## [Material for the task]
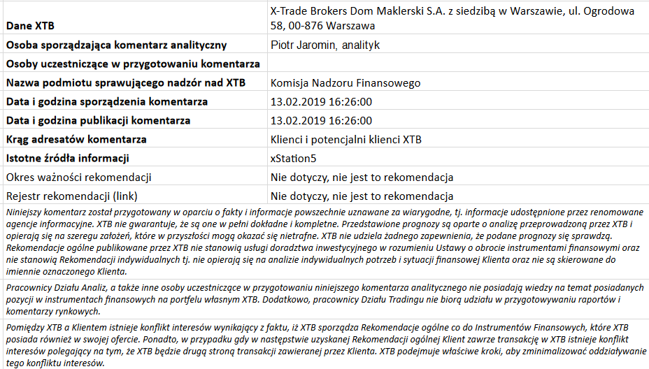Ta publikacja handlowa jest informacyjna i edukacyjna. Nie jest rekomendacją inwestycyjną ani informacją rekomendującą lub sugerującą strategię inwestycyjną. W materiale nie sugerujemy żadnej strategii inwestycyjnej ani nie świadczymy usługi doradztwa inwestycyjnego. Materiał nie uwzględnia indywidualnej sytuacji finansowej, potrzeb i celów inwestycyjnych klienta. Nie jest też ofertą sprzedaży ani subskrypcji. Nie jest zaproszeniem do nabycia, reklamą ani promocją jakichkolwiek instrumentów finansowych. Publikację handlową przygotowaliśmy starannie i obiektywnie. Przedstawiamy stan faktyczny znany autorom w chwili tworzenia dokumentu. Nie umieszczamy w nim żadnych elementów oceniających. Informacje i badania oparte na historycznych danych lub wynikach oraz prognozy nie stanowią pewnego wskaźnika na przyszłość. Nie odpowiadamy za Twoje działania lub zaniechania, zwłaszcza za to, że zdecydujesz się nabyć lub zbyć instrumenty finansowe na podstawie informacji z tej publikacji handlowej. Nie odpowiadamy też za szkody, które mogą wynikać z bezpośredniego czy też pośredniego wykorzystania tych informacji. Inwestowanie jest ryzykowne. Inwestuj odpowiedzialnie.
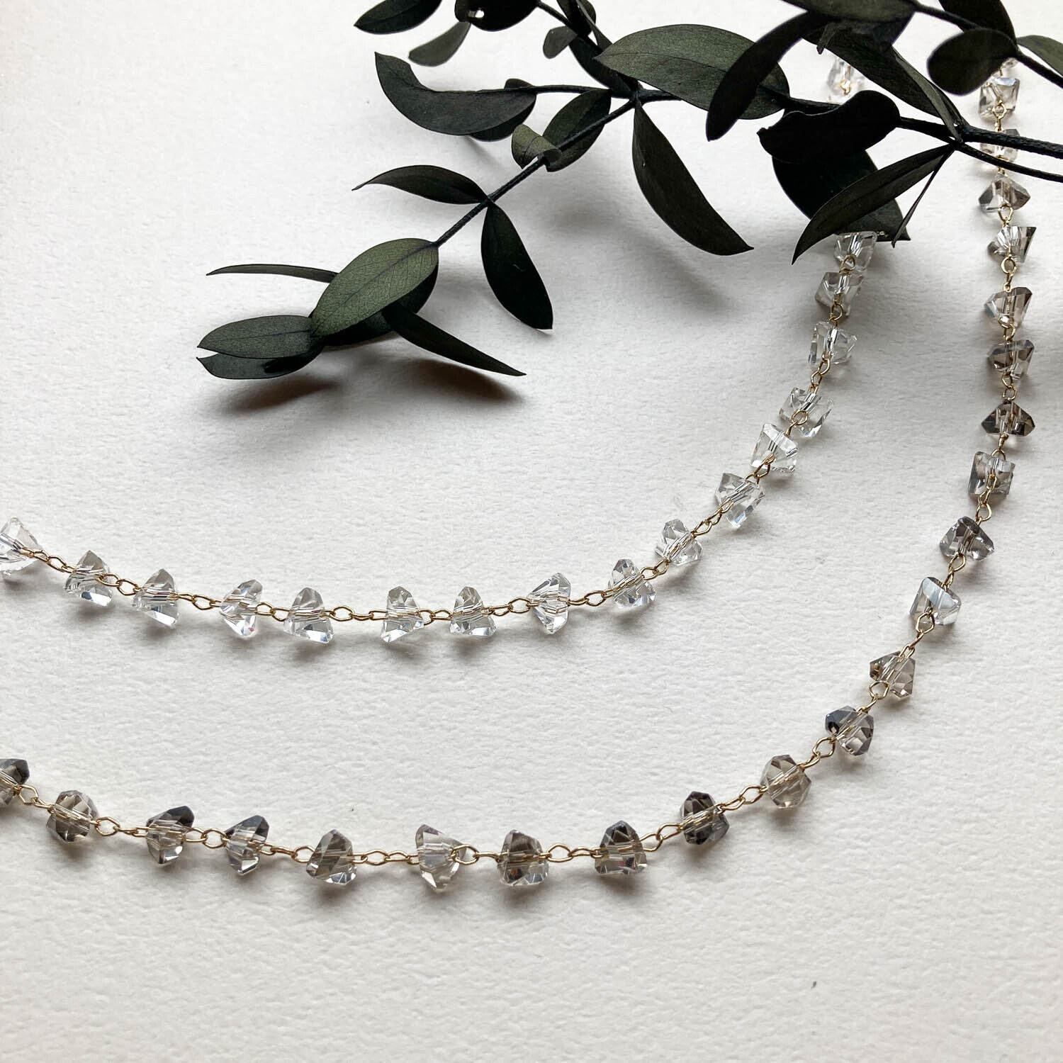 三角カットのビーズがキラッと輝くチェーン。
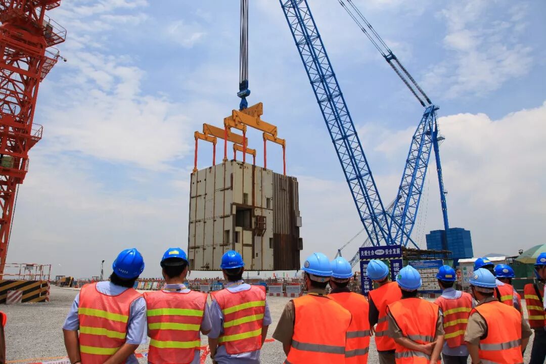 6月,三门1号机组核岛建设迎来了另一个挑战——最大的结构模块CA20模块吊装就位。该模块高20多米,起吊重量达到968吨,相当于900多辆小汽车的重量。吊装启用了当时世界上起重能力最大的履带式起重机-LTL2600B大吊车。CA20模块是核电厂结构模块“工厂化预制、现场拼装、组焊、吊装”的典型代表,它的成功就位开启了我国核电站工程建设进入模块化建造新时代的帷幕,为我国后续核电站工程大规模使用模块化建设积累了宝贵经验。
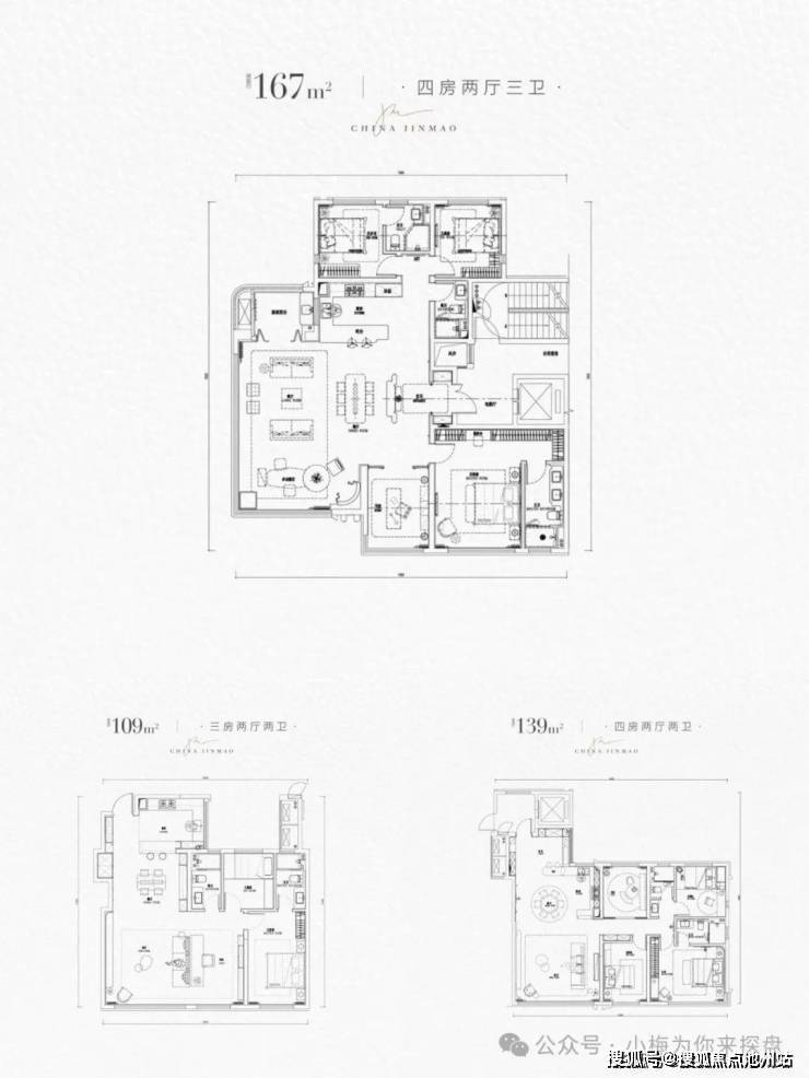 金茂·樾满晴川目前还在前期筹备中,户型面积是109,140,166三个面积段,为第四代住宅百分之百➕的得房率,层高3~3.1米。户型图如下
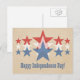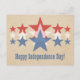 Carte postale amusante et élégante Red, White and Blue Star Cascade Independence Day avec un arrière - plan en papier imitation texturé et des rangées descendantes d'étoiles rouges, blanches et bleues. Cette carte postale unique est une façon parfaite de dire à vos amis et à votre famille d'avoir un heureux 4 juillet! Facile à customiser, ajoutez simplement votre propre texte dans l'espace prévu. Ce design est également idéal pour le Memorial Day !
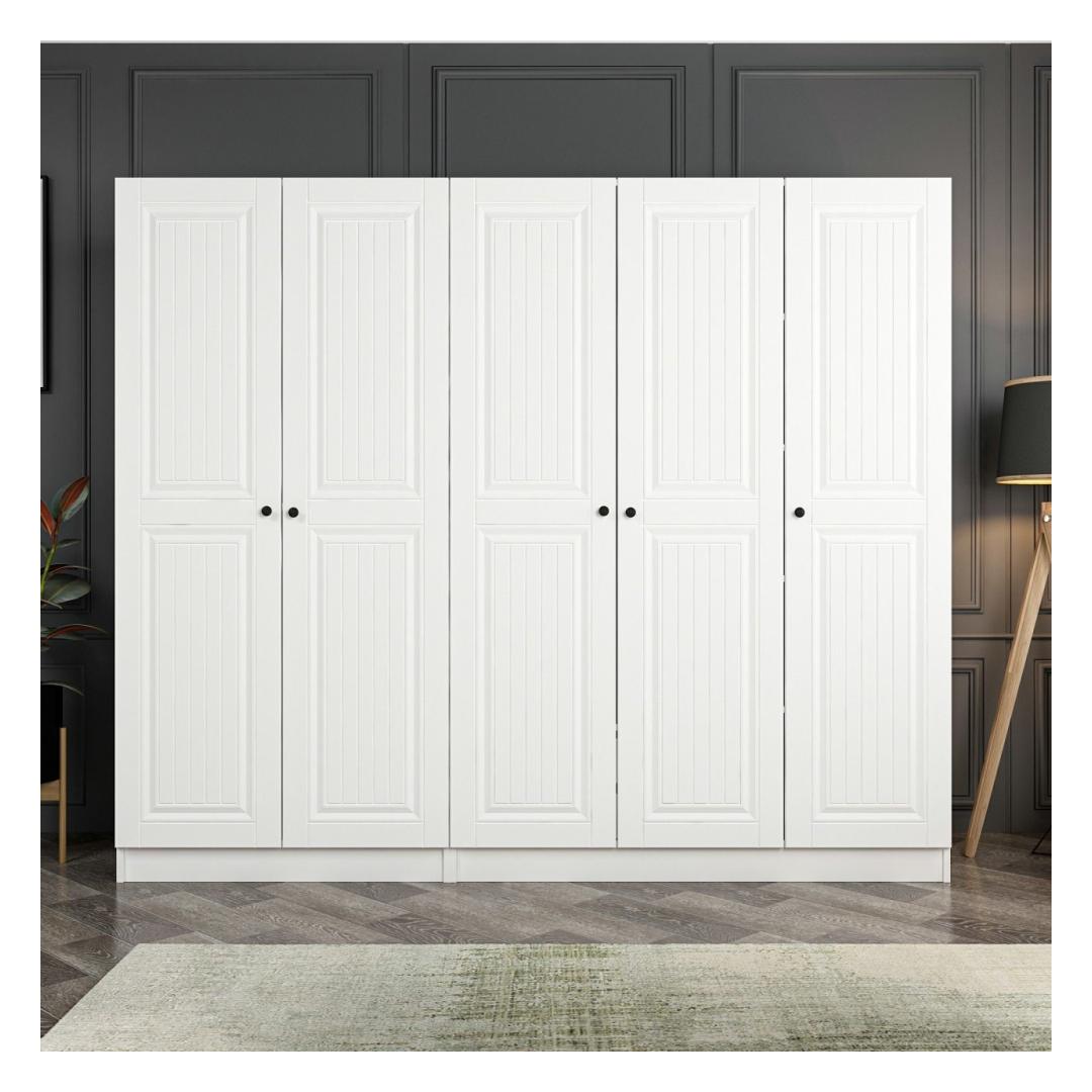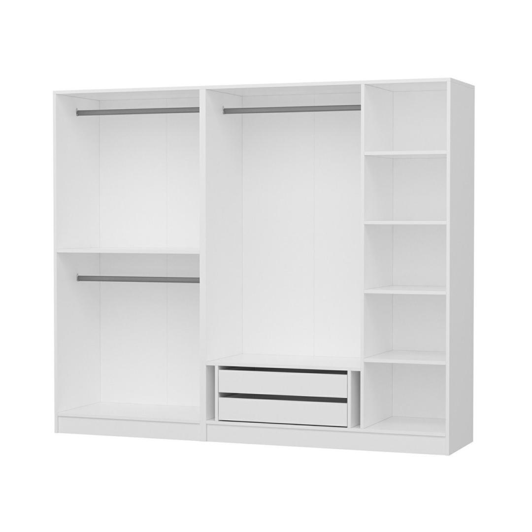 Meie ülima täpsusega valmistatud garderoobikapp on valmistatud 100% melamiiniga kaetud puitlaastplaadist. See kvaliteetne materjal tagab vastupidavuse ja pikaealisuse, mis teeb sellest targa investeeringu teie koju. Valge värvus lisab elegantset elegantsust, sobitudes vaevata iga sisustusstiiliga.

## [Required action]
Reproduce the material word for word, minus the images.

## [Written reply]
Ta publikacja handlowa jest informacyjna i edukacyjna. Nie jest rekomendacją inwestycyjną ani informacją rekomendującą lub sugerującą strategię inwestycyjną. W materiale nie sugerujemy żadnej strategii inwestycyjnej ani nie świadczymy usługi doradztwa inwestycyjnego. Materiał nie uwzględnia indywidualnej sytuacji finansowej, potrzeb i celów inwestycyjnych klienta. Nie jest też ofertą sprzedaży ani subskrypcji. Nie jest zaproszeniem do nabycia, reklamą ani promocją jakichkolwiek instrumentów finansowych. Publikację handlową przygotowaliśmy starannie i obiektywnie. Przedstawiamy stan faktyczny znany autorom w chwili tworzenia dokumentu. Nie umieszczamy w nim żadnych elementów oceniających. Informacje i badania oparte na historycznych danych lub wynikach oraz prognozy nie stanowią pewnego wskaźnika na przyszłość. Nie odpowiadamy za Twoje działania lub zaniechania, zwłaszcza za to, że zdecydujesz się nabyć lub zbyć instrumenty finansowe na podstawie informacji z tej publikacji handlowej. Nie odpowiadamy też za szkody, które mogą wynikać z bezpośredniego czy też pośredniego wykorzystania tych informacji. Inwestowanie jest ryzykowne. Inwestuj odpowiedzialnie.
 三角カットのビーズがキラッと輝くチェーン。
 6月,三门1号机组核岛建设迎来了另一个挑战——最大的结构模块CA20模块吊装就位。该模块高20多米,起吊重量达到968吨,相当于900多辆小汽车的重量。吊装启用了当时世界上起重能力最大的履带式起重机-LTL2600B大吊车。CA20模块是核电厂结构模块“工厂化预制、现场拼装、组焊、吊装”的典型代表,它的成功就位开启了我国核电站工程建设进入模块化建造新时代的帷幕,为我国后续核电站工程大规模使用模块化建设积累了宝贵经验。
 金茂·樾满晴川目前还在前期筹备中,户型面积是109,140,166三个面积段,为第四代住宅百分之百➕的得房率,层高3~3.1米。户型图如下
 Carte postale amusante et élégante Red, White and Blue Star Cascade Independence Day avec un arrière - plan en papier imitation texturé et des rangées descendantes d'étoiles rouges, blanches et bleues. Cette carte postale unique est une façon parfaite de dire à vos amis et à votre famille d'avoir un heureux 4 juillet! Facile à customiser, ajoutez simplement votre propre texte dans l'espace prévu. Ce design est également idéal pour le Memorial Day !
 Meie ülima täpsusega valmistatud garderoobikapp on valmistatud 100% melamiiniga kaetud puitlaastplaadist. See kvaliteetne materjal tagab vastupidavuse ja pikaealisuse, mis teeb sellest targa investeeringu teie koju. Valge värvus lisab elegantset elegantsust, sobitudes vaevata iga sisustusstiiliga.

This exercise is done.